### Work order
Transcribe, exactly and without pictures, the lines below from the line with "将准备好的西葫芦片,放入锅中,和香肠片一起翻炒均匀。" to the line with "In Zusammenarbeit mit", both ends included, and no others.

[Task data Boundary: Start]

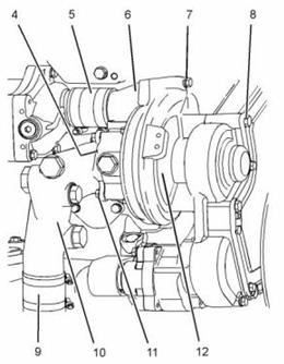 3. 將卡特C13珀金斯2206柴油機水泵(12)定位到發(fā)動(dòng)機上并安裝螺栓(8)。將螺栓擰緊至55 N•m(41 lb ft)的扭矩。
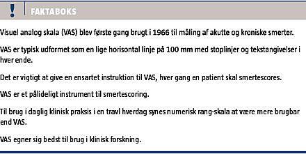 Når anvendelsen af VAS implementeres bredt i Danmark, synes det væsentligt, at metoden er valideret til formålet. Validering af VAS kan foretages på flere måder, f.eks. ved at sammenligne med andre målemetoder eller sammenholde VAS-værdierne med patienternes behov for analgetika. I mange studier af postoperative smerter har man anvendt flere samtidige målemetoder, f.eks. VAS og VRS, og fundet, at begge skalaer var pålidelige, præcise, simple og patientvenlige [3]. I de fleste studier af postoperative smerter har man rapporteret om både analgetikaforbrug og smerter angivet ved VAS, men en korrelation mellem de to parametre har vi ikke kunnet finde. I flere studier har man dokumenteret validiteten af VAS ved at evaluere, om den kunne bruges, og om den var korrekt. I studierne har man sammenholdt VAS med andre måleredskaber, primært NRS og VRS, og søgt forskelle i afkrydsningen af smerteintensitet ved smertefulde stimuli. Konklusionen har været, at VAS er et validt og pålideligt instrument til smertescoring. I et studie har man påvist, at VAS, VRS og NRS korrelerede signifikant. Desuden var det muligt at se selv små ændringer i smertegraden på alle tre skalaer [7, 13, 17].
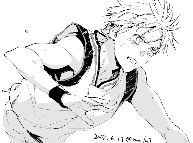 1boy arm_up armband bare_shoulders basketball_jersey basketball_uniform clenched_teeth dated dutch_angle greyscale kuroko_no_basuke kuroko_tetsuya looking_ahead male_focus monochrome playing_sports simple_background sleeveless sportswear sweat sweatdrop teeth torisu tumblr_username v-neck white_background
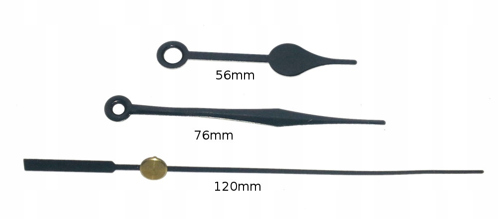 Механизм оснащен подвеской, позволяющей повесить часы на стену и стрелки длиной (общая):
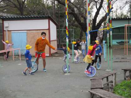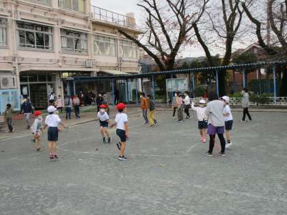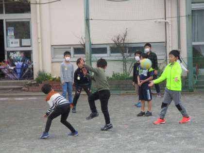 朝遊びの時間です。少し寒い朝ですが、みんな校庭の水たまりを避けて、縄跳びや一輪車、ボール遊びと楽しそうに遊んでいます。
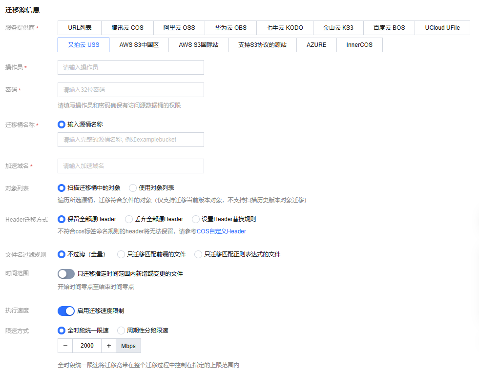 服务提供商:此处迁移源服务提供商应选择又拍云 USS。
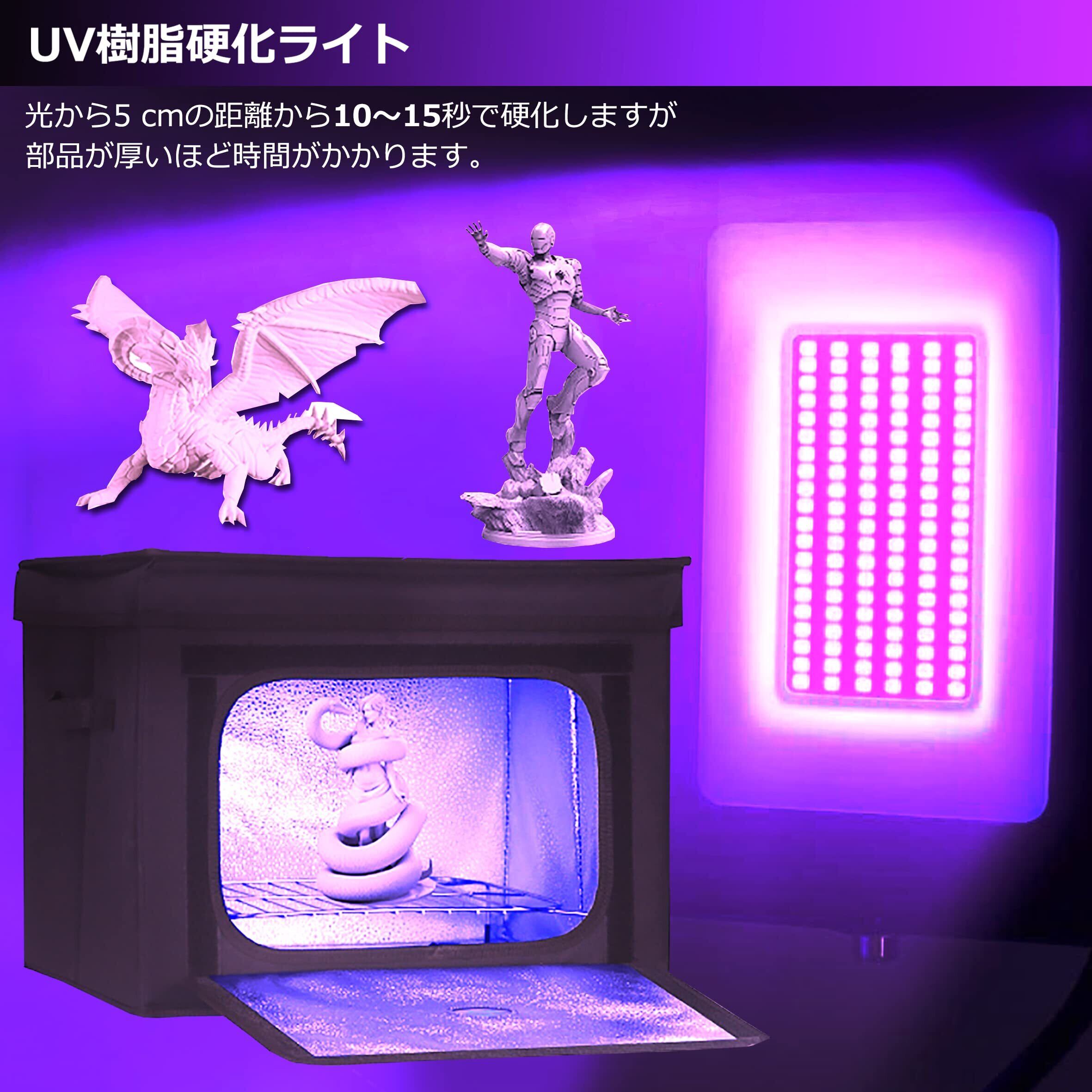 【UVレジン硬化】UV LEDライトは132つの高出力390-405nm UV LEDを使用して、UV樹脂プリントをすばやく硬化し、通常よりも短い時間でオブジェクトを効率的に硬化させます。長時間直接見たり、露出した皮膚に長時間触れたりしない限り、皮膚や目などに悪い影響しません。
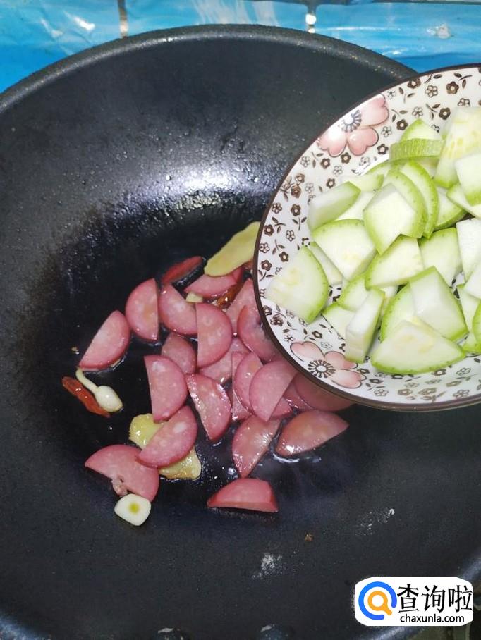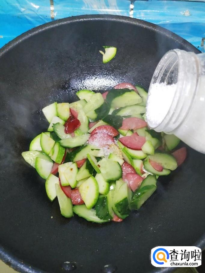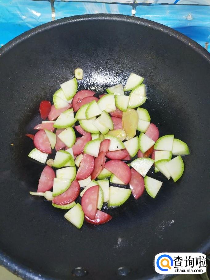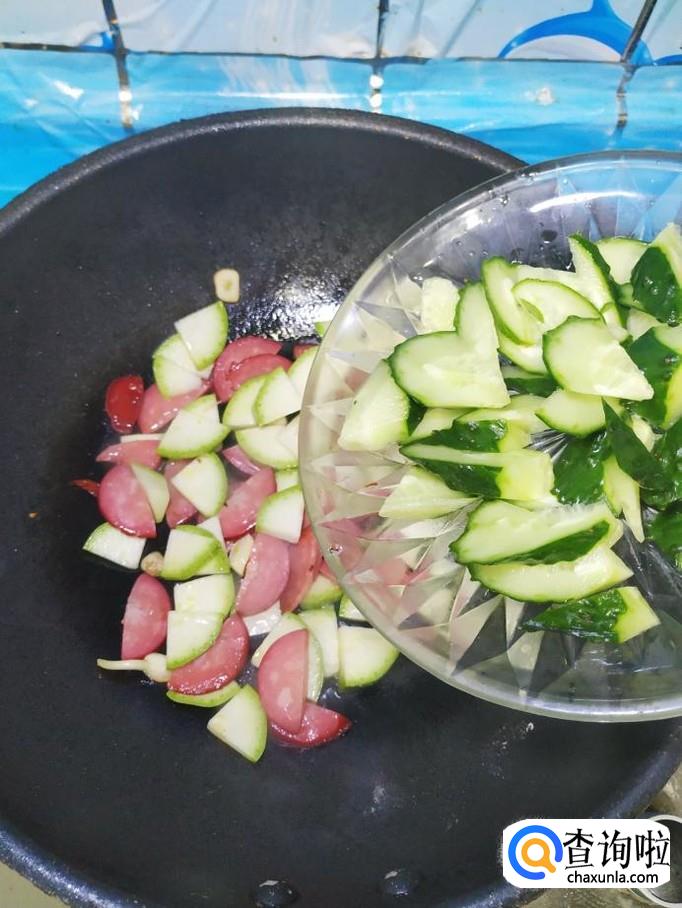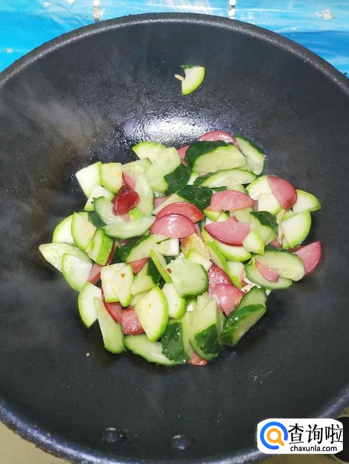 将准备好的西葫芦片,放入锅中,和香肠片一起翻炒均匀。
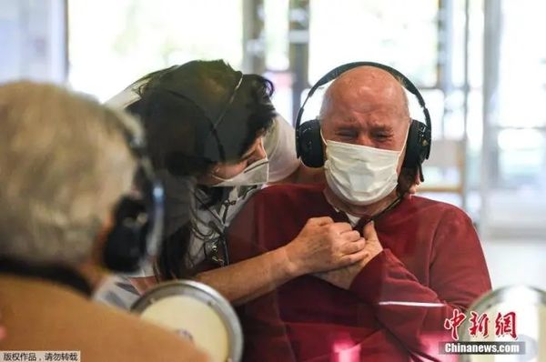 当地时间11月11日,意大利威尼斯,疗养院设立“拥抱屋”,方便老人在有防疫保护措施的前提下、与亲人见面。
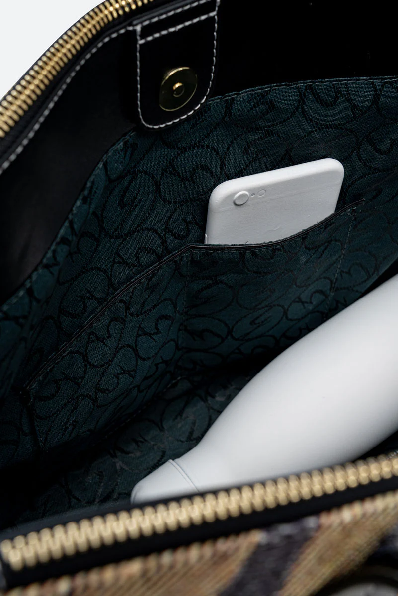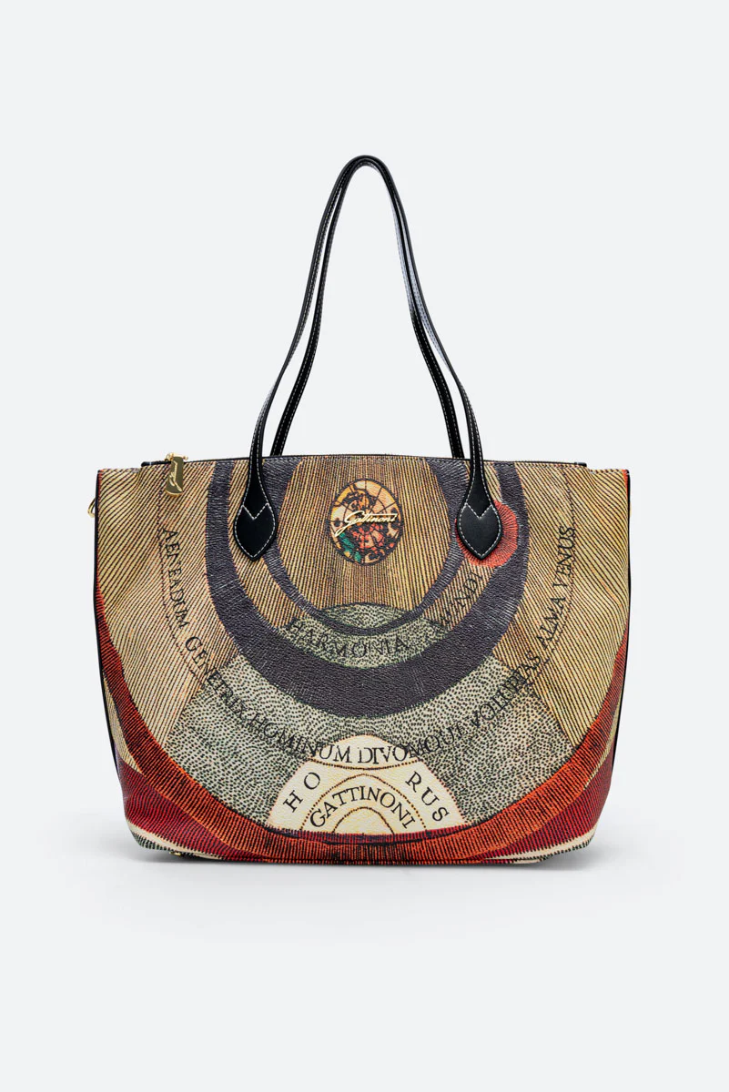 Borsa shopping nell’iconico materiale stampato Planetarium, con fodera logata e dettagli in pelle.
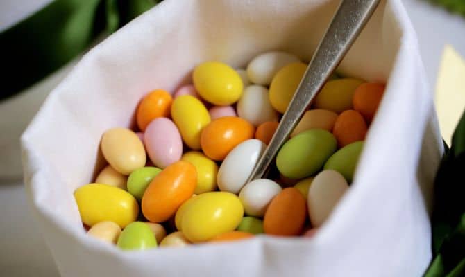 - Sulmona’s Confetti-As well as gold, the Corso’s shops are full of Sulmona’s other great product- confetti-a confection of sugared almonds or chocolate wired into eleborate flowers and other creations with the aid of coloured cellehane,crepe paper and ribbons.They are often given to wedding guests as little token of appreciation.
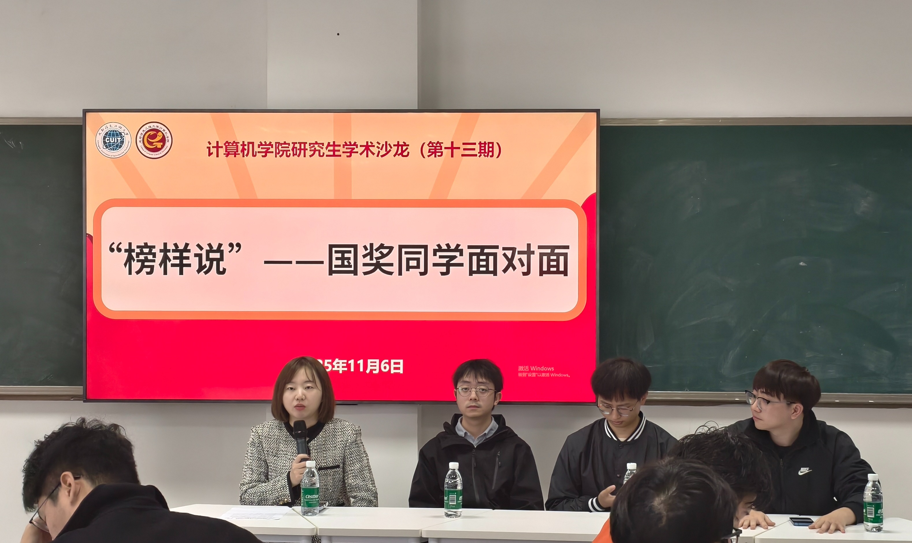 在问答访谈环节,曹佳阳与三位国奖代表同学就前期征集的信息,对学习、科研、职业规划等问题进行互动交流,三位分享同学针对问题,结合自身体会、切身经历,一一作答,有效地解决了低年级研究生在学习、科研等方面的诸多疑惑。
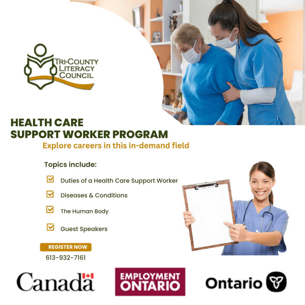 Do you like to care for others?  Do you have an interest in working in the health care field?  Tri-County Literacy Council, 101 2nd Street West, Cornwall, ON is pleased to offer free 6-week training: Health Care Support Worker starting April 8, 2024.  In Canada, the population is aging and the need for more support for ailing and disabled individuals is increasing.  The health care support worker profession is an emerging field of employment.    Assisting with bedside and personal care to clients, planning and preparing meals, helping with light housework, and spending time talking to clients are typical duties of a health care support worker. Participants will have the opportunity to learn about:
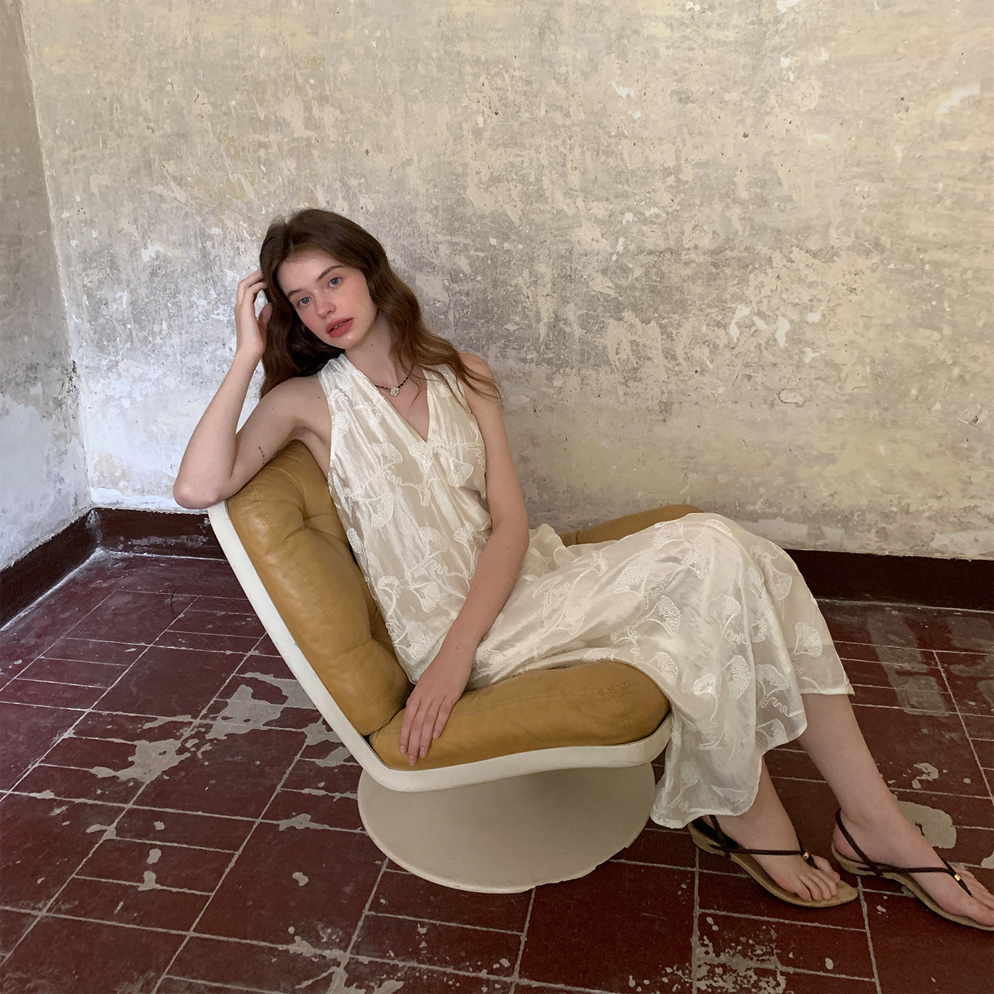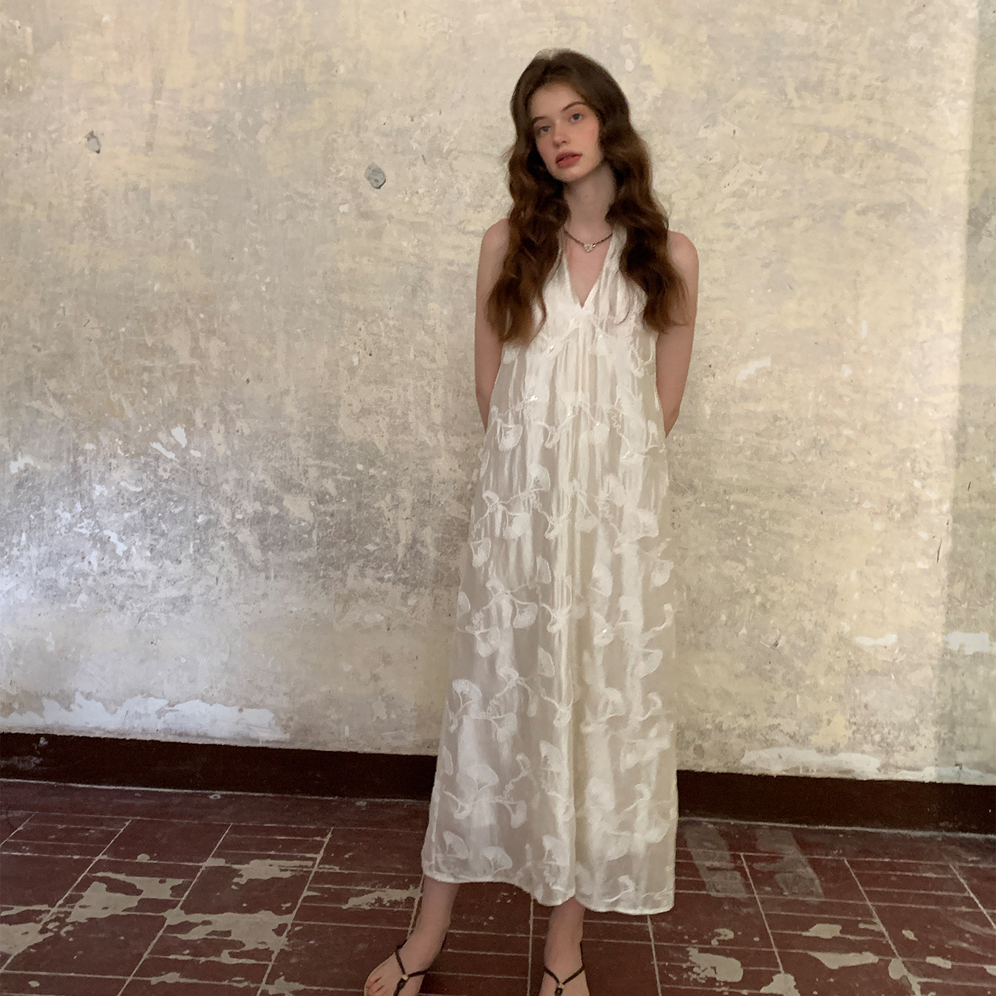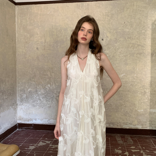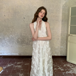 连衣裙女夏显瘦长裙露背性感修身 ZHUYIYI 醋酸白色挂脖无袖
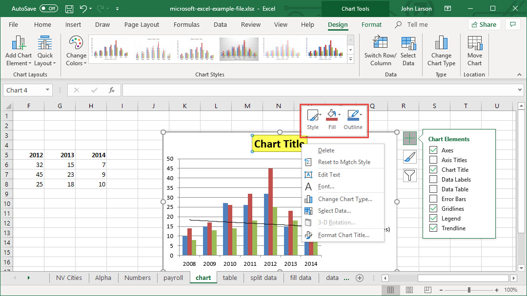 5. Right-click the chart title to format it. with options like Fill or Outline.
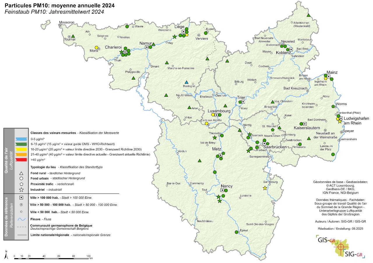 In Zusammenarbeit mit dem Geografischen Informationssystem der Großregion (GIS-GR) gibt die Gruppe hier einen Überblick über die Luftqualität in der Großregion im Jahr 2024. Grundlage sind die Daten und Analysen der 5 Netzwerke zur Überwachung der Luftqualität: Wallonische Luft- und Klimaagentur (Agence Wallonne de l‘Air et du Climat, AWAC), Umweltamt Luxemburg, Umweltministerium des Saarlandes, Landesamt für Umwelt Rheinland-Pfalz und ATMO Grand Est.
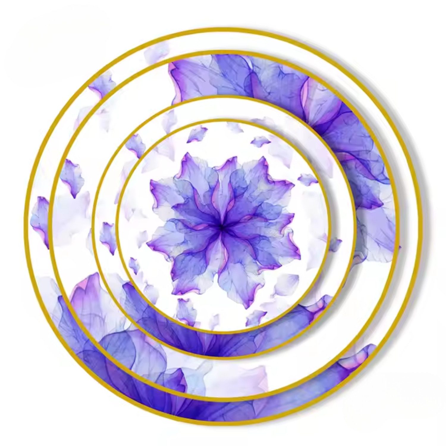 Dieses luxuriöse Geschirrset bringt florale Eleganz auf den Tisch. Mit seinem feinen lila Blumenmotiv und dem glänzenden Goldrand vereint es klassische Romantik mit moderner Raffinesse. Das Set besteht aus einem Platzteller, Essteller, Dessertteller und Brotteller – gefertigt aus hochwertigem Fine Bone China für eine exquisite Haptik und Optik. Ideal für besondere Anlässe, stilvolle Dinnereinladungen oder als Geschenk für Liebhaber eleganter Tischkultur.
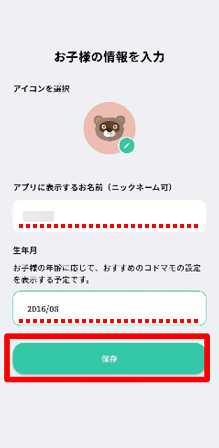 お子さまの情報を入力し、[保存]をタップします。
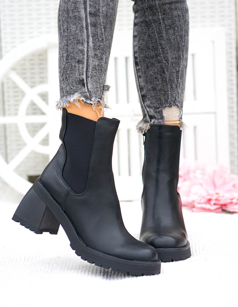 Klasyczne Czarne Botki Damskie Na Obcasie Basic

[Task data Boundary: End]

### Answer for the task
 将准备好的西葫芦片,放入锅中,和香肠片一起翻炒均匀。
 当地时间11月11日,意大利威尼斯,疗养院设立“拥抱屋”,方便老人在有防疫保护措施的前提下、与亲人见面。
 Borsa shopping nell’iconico materiale stampato Planetarium, con fodera logata e dettagli in pelle.
 - Sulmona’s Confetti-As well as gold, the Corso’s shops are full of Sulmona’s other great product- confetti-a confection of sugared almonds or chocolate wired into eleborate flowers and other creations with the aid of coloured cellehane,crepe paper and ribbons.They are often given to wedding guests as little token of appreciation.
 在问答访谈环节,曹佳阳与三位国奖代表同学就前期征集的信息,对学习、科研、职业规划等问题进行互动交流,三位分享同学针对问题,结合自身体会、切身经历,一一作答,有效地解决了低年级研究生在学习、科研等方面的诸多疑惑。
 Do you like to care for others?  Do you have an interest in working in the health care field?  Tri-County Literacy Council, 101 2nd Street West, Cornwall, ON is pleased to offer free 6-week training: Health Care Support Worker starting April 8, 2024.  In Canada, the population is aging and the need for more support for ailing and disabled individuals is increasing.  The health care support worker profession is an emerging field of employment.    Assisting with bedside and personal care to clients, planning and preparing meals, helping with light housework, and spending time talking to clients are typical duties of a health care support worker. Participants will have the opportunity to learn about:
 连衣裙女夏显瘦长裙露背性感修身 ZHUYIYI 醋酸白色挂脖无袖
 5. Right-click the chart title to format it. with options like Fill or Outline.
 In Zusammenarbeit mit dem Geografischen Informationssystem der Großregion (GIS-GR) gibt die Gruppe hier einen Überblick über die Luftqualität in der Großregion im Jahr 2024. Grundlage sind die Daten und Analysen der 5 Netzwerke zur Überwachung der Luftqualität: Wallonische Luft- und Klimaagentur (Agence Wallonne de l‘Air et du Climat, AWAC), Umweltamt Luxemburg, Umweltministerium des Saarlandes, Landesamt für Umwelt Rheinland-Pfalz und ATMO Grand Est.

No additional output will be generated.